Samsung boosts Kenya’s forest cover with planting more trees at Karura Forest
By Our Reporter
Samsung Electronics East Africa in partnership with Friends of Karura Community Forest Association today completed the planting of over 10,000 trees in Karura forest in an effort to enhance the country’s forest cover to 10% by 2020. This comes at time when a report by the ministry of environment and natural resources revealed that the country’s forest cover had significantly increased to 7% last year and there was need for more efforts to enable the country achieve the recommended 10% cover.
Early this year the ministry of environment and natural resources imposed a blanket ban on logging, citing concerns about declining forestry coverage. The embargo is still in place in public and community forests and prohibits the logging and transportation of timber.
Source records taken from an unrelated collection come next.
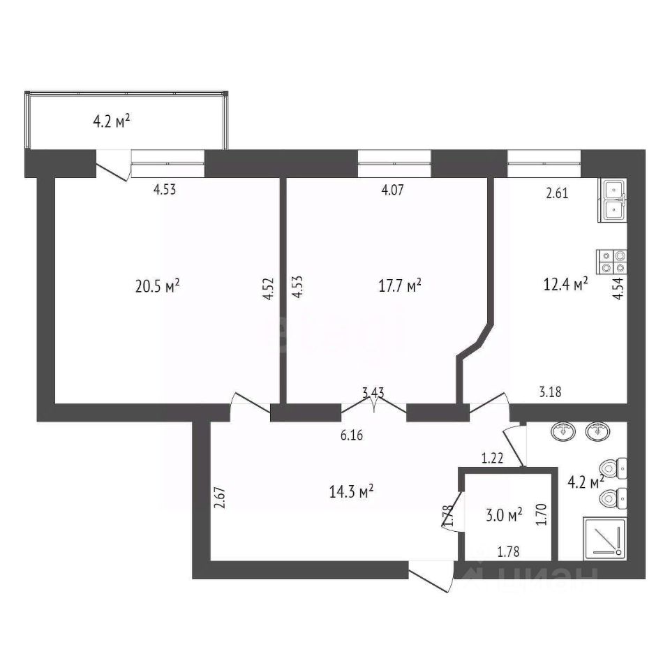 Продам приятную просторную двухкомнатную квартиру, площадью 72,1 кв.м. в кирпичном доме в Тюменском микрорайоне.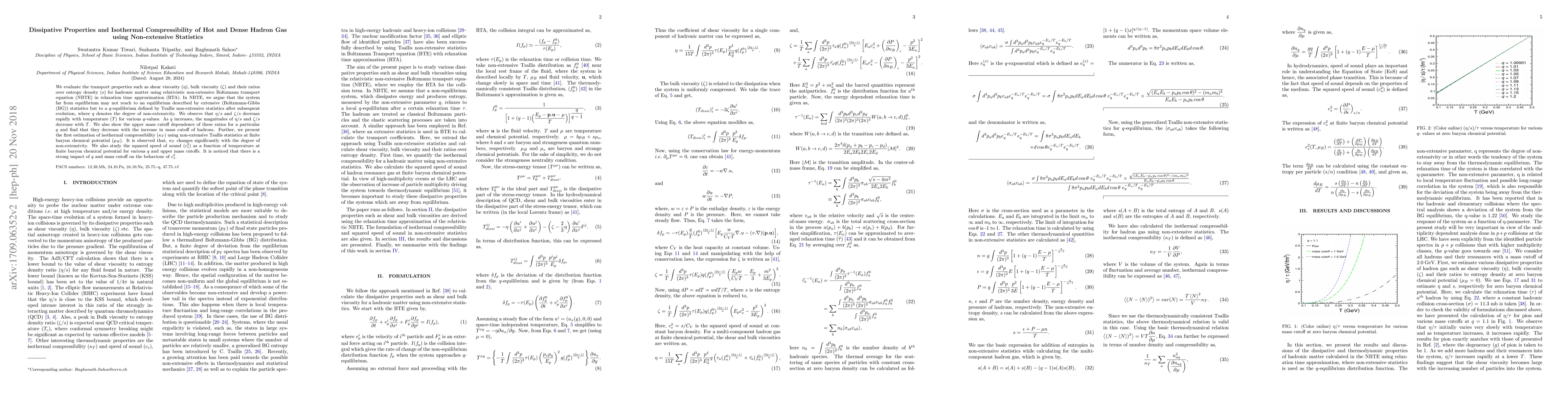 This paper evaluates the transport properties of a hot and dense hadron gas using relativistic non-extensive Boltzmann transport equation, finding that shear and bulk viscosities decrease with temperature and non-extensivity degree. It also estimates isothermal compressibility and speed of sound, showing significant dependence on non-extensivity and mass cutoff.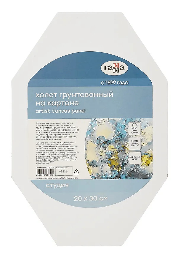 Я периодически стараюсь приобретать холсты нестандартной формы. Потому что мне очень нравится применять их для интересных композиций в живописи. Такого у меня ещё ни разу не было. В работе он мне понравился. В целом качество хорошее - стандартное. Тем более, что я обычно отдаю предпочтение холстам с мелким зерном. Лично для меня они кажутся гораздо удобнее при изображении мелких деталей.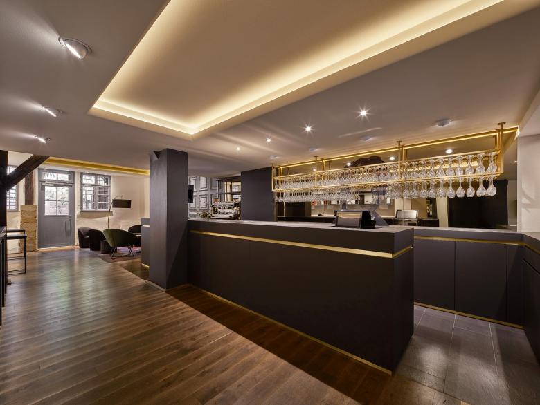 Eine besondere Herausforderung stellte die vorhandene Decke dar, die zuvor unruhig und mit vielen Versprüngen gestaltet war. Zudem sollten markante Designelemente übernommen werden, um die Verbindung zum Stuttgarter Laden zu bewahren. Dazu gehörten der Georges-Aufdruck auf dem Parsolspiegel, das messingfarbene Glasregal für die Sektgläser, die schwarz-messingfarbene Theke und die Stehtische. Auch die Sekt-Präsentationsflächen an den Seiten sollten überarbeitet werden, und es sollten zusätzliche Sitzplätze geschaffen werden, um den Komfort für die Kunden zu erhöhen. Zusätzlich sollte die neue Decke mit drei beleuchteten Feldern für eine räumliche Zonierung sorgen. Die Messingfarbe sollte dabei als wiederkehrendes Markenzeichen in zwei der Deckenfelder erscheinen.

Samsung East Africa, Head of Marketing and Corporate Citizenship Patricia Kingori said environmental conversation was one of the organization’s corporate citizenship pillars and there was urgent need to address the effects of environmental degradation issues and challenges facing the country.
“We are glad to participate in this initiative that goes a long way in safeguarding our environment and natural resources as they are valuable national assets that must be sustainably managed for present and future generations”, Ms Kingori added. She said the trees planted will in the long run improve air quality by filtering harmful dust and pollutants that are occasioned by deforestation and other human activities around and within the forest adding that the trees will go a long way in improving the face of Karura forest.
In addition to environmental conversation, the exercise has created new job opportunities for communities around Karura forest, as they are involved in preparing the sites for planting by clearing non-indigenous bushes and invasive weeds, digging holes and watering seedlings.
The Friends of Karura Forest is a Community Forest Association comprising of Kenyans and other supporters of participatory forest management whose mission is to protect for future generations the city’s largest green area. The Karura Forest reserve has been lauded as one of the best places to visit in Nairobi and has also become a family recreation destination averaging 20,000 visitors per month.
The 1,041-hectare, located within the northern boundary of Nairobi city is home to over 200 bird species and numerous forest mammals, and is one of the largest urban gazetted forests in the world.